[[ INFORMATION PROVIDED open ]]

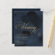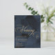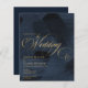 Budget dark midnight blue and gold painterly wedding invitation.
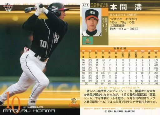 Nombre comercial en japonés: BBM/レギュラーカード/BBM2004ベースボールカード2nd 461:本間満「福岡ダイエーホークス」
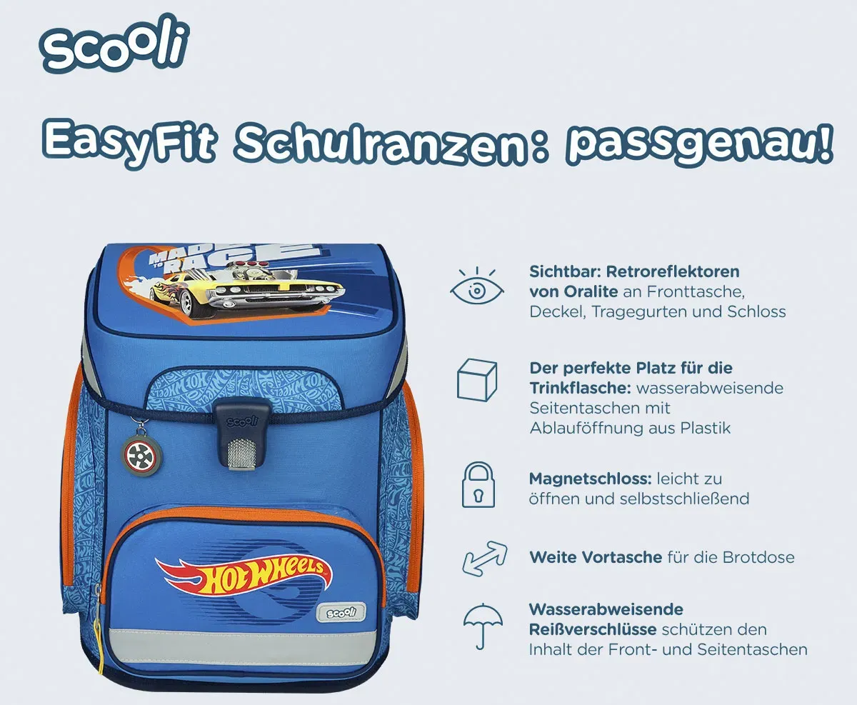Школьная сумка Scooli "EasyFit, Hot Wheels", светоотражатели, цвет Hot Wheels
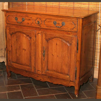 Pine Buffet France, Circa 1880 Louis XV style with single top drawer with cupboard base. Paneled sides and original drawer pulls in pewter. 37"w x 22 1/2"d x 39 1/2"h

[[ INFORMATION PROVIDED closed ]]

## YOUR OBJECTIVE
The lines running from the beginning of the listing above through the line that holds "Школьная сумка Scooli" are to be duplicated exactly, both ends kept, pictures omitted.

## WRITTEN SOLUTION
 Budget dark midnight blue and gold painterly wedding invitation.
 Nombre comercial en japonés: BBM/レギュラーカード/BBM2004ベースボールカード2nd 461:本間満「福岡ダイエーホークス」
Школьная сумка Scooli "EasyFit, Hot Wheels", светоотражатели, цвет Hot Wheels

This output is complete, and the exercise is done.